I’m going to take a stab at nailing down what I believe to be the five fundamental components of a deep neural network. I think there’s value in understanding complex systems at a simple, piecewise level. If you’re new to the field, I hope that these understandings I’ve built up over the last few years help you!
The unit of data representation in a DNN is a vector. Vectors are called many different things: embeddings, tensors, activations, hidden states. They’re all just a list of floating point numbers that represent some single thing.
The learned weights of the neural network are where data is stored. Specifically, it is becoming clear that the layers collectively known as “linear”, “affine”, or “MLPs” are principally responsible for information storage. This information is imparted onto the vectors by way of matrix multiplications.
When it comes to storage – parameter count is of paramount concern. If you are designing a neural network that you expect will need to store a lot of information (for example, to model a highly entropic dataset), you would do well to ensure that you have enough (or wide enough) MLPs.
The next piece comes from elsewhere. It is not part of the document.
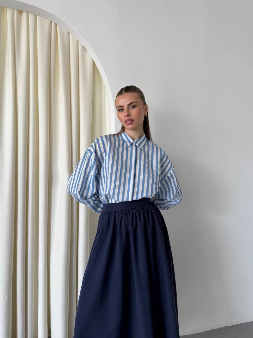 OVERSIZE ÇİZGİLİ GÖMLEK Mavi
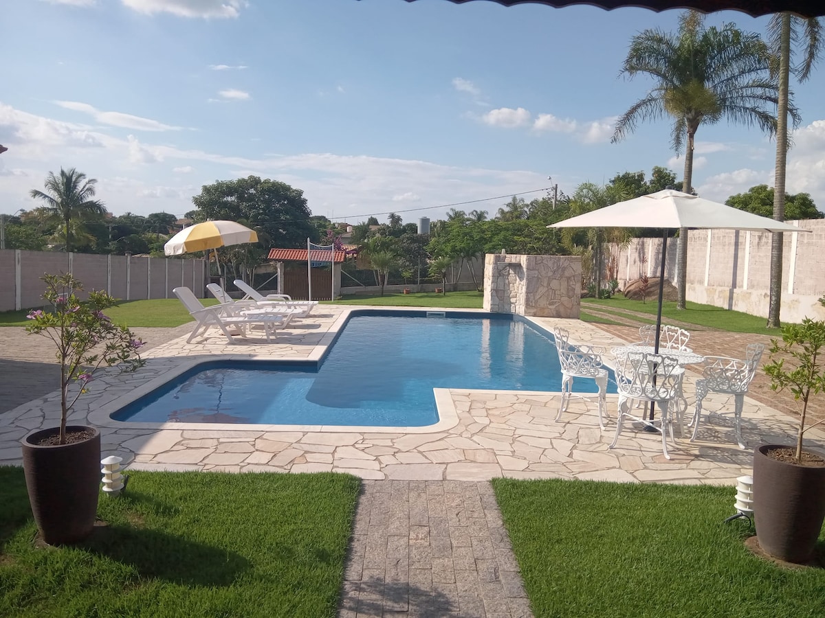 Chácara murada em condomínio fechado, com segurança 24h. Casa térrea com piscina, churrasqueira, wi-fi, varanda e amplo gramado, em ambiente tranquilo, cercado por verde. Avaliação 5 estrelas em limpeza por todos os hóspedes. Perfeito para dias em família e descanso, com conforto e privacidade. O condomínio conta com lago ornamental e playground em sua sede social.

A fairly obvious but nonetheless critical component of any neural network is the ability for it to mix information across a spatial domain. This concept is universal: different words in a sentence, pixels in an image, pressure readings in an audio signal, amino acids in a protein. Almost every ML problem boils down to modeling how the building blocks of a modality interact with each other.
Neural Networks learn information entanglement any time you allow two (or more) parts of a whole to interact with one another. This can be as simple as adding two things together, or as complicated as self-attention.
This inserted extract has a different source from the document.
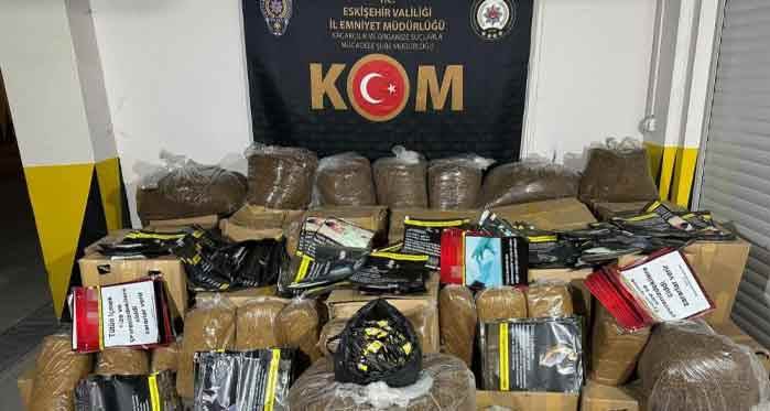Edinilen bilgiye göre, Eskişehir Cumhuriyet Başsavcılığı koordinesinde Kaçakçılık ve Organize Suçlarla Mücadele (KOM) Şube Müdürlüğü ekiplerince, halk sağlığının korunması ve haksız kazancın engellenmesi amacı ile merdiven altı diye tabir edilen yerlerde üretilen ve ülkeye yasadışı yollardan sokulan kaçak ürünleri piyasaya sürmeye çalışan şahıslara yönelik çalışma yapıldı. Gerçekleştirilen çalışmalar çerçevesinde 8 iş yeri, 2 ikamet, 2 araç ve 1 depoda yapılan aramalarda, 157 bin 500 dal sarılmış sigara, 8 bin 800 dal bandrolsüz boş makaron, bin 955 paket gümrük kaçağı sigara, bin 278 mükerrer kullanım amaçlı kesilmiş bandrol, 849 kilogram kıyılmış tütün, 590 cinsel içerikli ürün, 535 sahte alkol kiti, 471 litre sahte/kaçak alkol, 340 elektronik sigara, 311 gümrük kaçağı emtia ürün ve 23 gümrük kaçağı cep telefonu geçirildi. Ele geçirilen kaçak ürünlerin yaklaşık piyasa değerinin 3 milyon 500 bin TL olduğu öğrenildi.

Entanglement can involve any number of parts, but traditionally we have seen the best performance from pairwise interactions (e.g. two parts interacting).
Self attention is the gold standard here. Most modern ML engineering boils down to figuring out how to efficiently apply self attention to various modalities.
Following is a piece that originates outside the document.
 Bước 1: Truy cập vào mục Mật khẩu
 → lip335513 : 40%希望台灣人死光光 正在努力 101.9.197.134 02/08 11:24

Convolution is another popular way to achieve information entanglement. The problem with convolutions is that they cannot (easily) express pairwise relationships and thus are less efficient at learning many types of relationships than self-attention.
In order to be usable, neural networks must be trainable! Right now, our best known method of training a neural network is with back-propagation. To make this feasible, you must ensure that your neural network is numerically stable in both the forward pass and to full differentiation back to the inputs.
This is where normalization and residual layers come in. The goal of normalization is to ensure that the output of any module in a neural network is (at least initially) confined to the gaussian distribution (e.g. the outputs average 0 with a standard deviation of 1). If the outputs of all operations obey this rule, the network weights will generally get stable gradients and the entire system will be trainable.
For most practical purposes, normalization should only occur at the start of a residual branch.
Residual branches are another way of stabilizing the gradient that trains neural network. In a residual network, all weights have access to the same training signal at back-propagation time. The easiest way to implement an effective residual network is to ensure that all of the weights of the last affine operation in each residual branch are initialized to zero. The ideal neural network consists of an embedding layer, a single trunk with however many zero-initialized residual layers you want, and an unembedding layer at the end. This topology is practically guaranteed to be numerically stable and to train well.
An effective neural network must be able to represent complex data distributions. Complex data distributions are practically by definition non-linear.
The sole purpose of non-linearities (ReLU, GELU, softmax, etc) is to force neural networks to operate in non-linear domains. Put another way: non-linearities give the output distributions of neural networks their shape!
I’m of the opinion that this is by far the simplest aspect of designing neural networks, because the rule is pretty cut and dry: No two linear operations (e.g. matrix multiply) should be put in series on the same data without a nonlinearity between them. Every nonlinearity should be followed by a normalization layer. That’s it. If you follow these rules it doesn’t even matter which non-linearity you choose. The worst possible choice and the best possible choice are generally within a 5% performance gap.